Two years later, when they were hosting the annual Woodlanders gathering of rustic-furniture makers at Shake Rag Alley, a complex of historic stone cottages and cabins that housed shops, they found out it was to be sold for a private vacation home.
In six weeks, they raised $100,000 from the community, bought the complex and started the Shake Rag Alley Center for the Arts, now run by a board.
Workshops are held year-round, and eventually, the center opened the Alley Stage, an outdoor summer theater in an old quarry on the grounds.
Like Mineral Point's famous buildings, much of its best art comes straight out of the earth, from stone, clay and sticks.
Perhaps this is why the town has such a lack of pretension — it's still walking in the dusty footprints of Neal, an aesthete who spent much of his life rolling pasty crust, and Hellum, a graduate of the Chicago Art Institute who spent his life hauling rock and digging in the dirt.
Hellum especially is remembered fondly by today's artists. Shortly before he died in 2000 at 94, he began to make photo collages and was featured in an exhibit at his alma mater.
Diana Johnston was one of the townsfolk who, with Hellum, got on a bus and went to Chicago to see it.
"Edgar Hellum was so full of ideas, and there was so much spinning around his head, I think because of him Mineral Point is the way it is today," she says. "It's not something replicated to look like something, it is something."
Trip Tips: Mineral Point in southwest Wisconsin
Getting there: It's about 45 minutes west of Madison.
Annual events: February, Ice Lantern Festival. Mid-August, Mineral Point Blues & Roots Fest. Last weekend of September, Cornish Festival (for more, see Cozying up to the Cornish).
Third weekend of October, Fall Art Tour (for more, see Autumn in the studios).
From May through October, there are Saturday morning markets in Watertower Park.
Accommodations: There are many very good inns and cottages along Commerce Street, at the foot of High Street:
Lodgings at Shake Rag Alley include three small but very comfortable rooms in its 1840s Coach House and two apartments on Commerce Street, Roland's Loft and The Tuckpoint.

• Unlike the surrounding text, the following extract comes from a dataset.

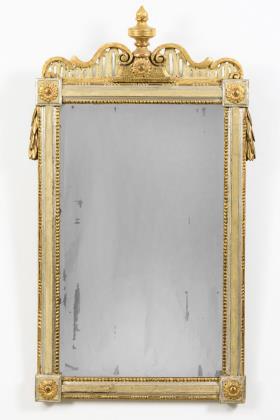 Schreibsekretär "No. 6" aus dem Warenkatalog von 1789: "Ein Bureau für Damen", aus "Abbildungen der vornehmsten Tischlerarbeiten, welche verfertiget werden und zu haben sind bey Friedrich Gottlob Hoffmann [...] erstes Heft". 4-schübiges Kommodenunterteil mit seitlich vorgestellten Säulen, Mittelteil mit Schreibklappe, bekrönt von getrepptem Kopfteil mit Dachgiebel; reich verziert mit Messingapplikationen, Mäandergittern und für Hoffmann-Werkstätten typischen Zahnschnittbändern, im Giebel mit figürlicher Wedgwood-Auflage. Innenteil mit herausziehbarer Schreibplatte, 8 kleinen Schüben und Mittelfach mit Schiebetür. 4 Schlüssel. Als Beigabe 3 Publikationen, in denen das Stück mitunter abgebildet ist

The Commerce Street Brewery Hotel, a renovated 1854 limestone warehouse, has five attractive rooms, four with sleeper sofas, gas fireplaces and double whirlpools. It includes a taproom with a variety of drinks and small plates.
Next to the place where Europeans first discovered "mineral," the Walker House is a restored 1860 stone hotel with nine rooms, a Cornish-style pub and art galleries.

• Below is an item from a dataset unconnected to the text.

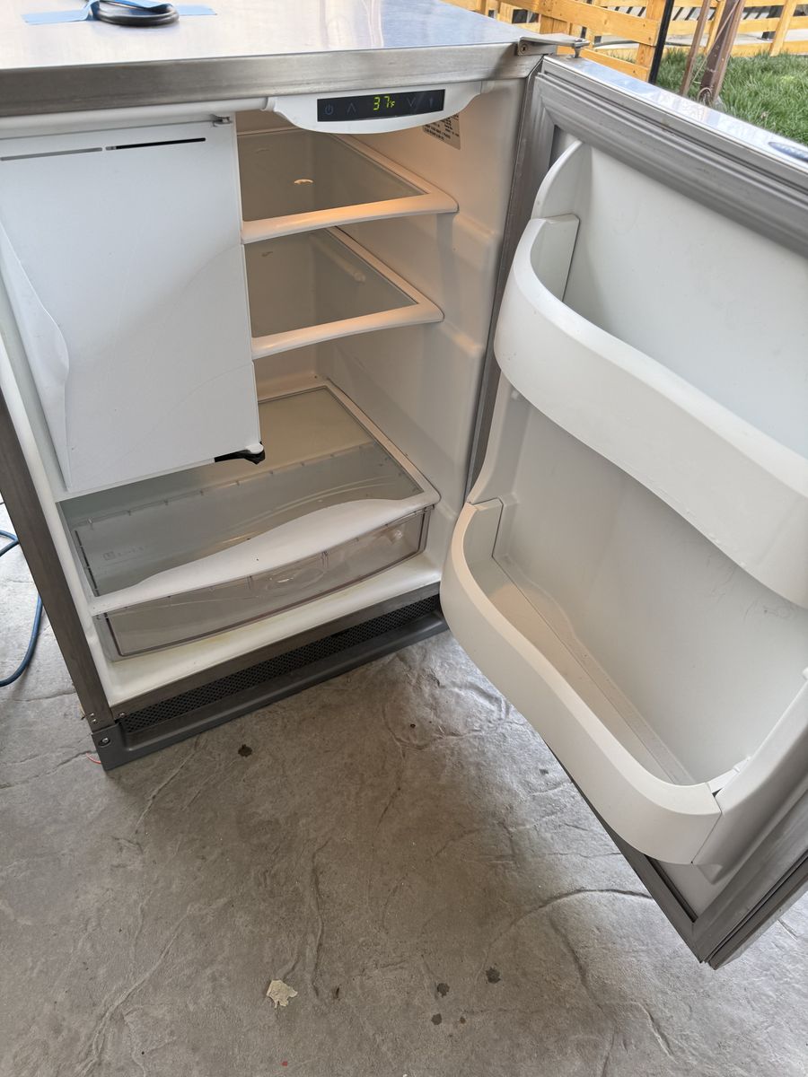 Uline brand. Has small freezer and radius cube ice maker. Stays cold. Ice maker has not been tested
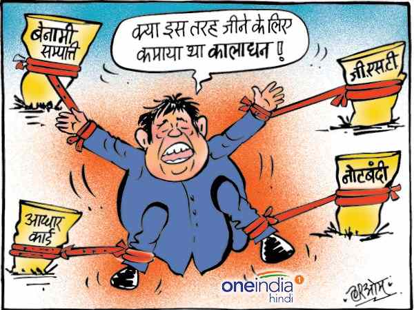 नई दिल्ली। केंद्र की मोदी सरकार ने काला धन रखने वालों पर शिकंजा कसने के लिए चौतरफा वार शुरू कर दिया है। नोटबंदी और जीएसटी के बाद बैंकों को आधार से लिंक और अब बेनामा संपत्ति पर लगाम लगने से काला धन कमाने वाले परेशान हो गए हैं। देखिए इसी पर आज का कार्टून।

The Mineral Point Hotel has five rooms, one with two queen beds. The rate includes a continental breakfast. Bicycles are available to guests.
On the edge of the historic area, the Historic Cothren House includes a stone cottage and log cabin.
Up on the highway, the Quality Inn has 50 rooms and an indoor pool.
Dining: On High Street, Cafe 43 serves breakfast, bowls and sandwiches. The Gray Dog serves burgers and bowls, and the Midway Bar & Grill serves burgers.
The Red Rooster Cafe is known for its pasties. They're big and heavy, so make sure you're hungry.
Shake Rag Alley Center for Arts & Crafts: This charmingly restored complex holds classes throughout the year in nine buildings, some from the 1840s.
They include workshops in mosaics in concrete (see Slinging cement in Mineral Point ); rustic furniture; acting and directing; gourds and baskets; hooking, dyeing and felting; and paper and polymers. Guests who are taking classes get a 10 percent discount on lodgings. 608-987-3292.
Pendarvis: Costumed interpreters give tours of the restored miner's cottages Thursdays-Sundays from May 30 to Oct. 15. Admission is $12, $8 for children 5-12.
Nightlife: The Shake Rag Players and Mineral Point Film Society put on theater and films at the 1914 Mineral Point Opera House on High Street. In summer, original plays and concerts are held at the Alley Stage, an amphitheater at Shake Rag Alley.
Other shopping: The Bargain Nook on High Street is a non-profit used-clothing store that benefits adults with disabilities, and nearly all of its stock is catalog returns from Land's End. Only a few have flaws, and they're all very cheap.
There are other Bargain Nooks in nearby Spring Green, Darlington, Platteville and Mount Horeb.
Information: Mineral Point tourism, 888-764-6894.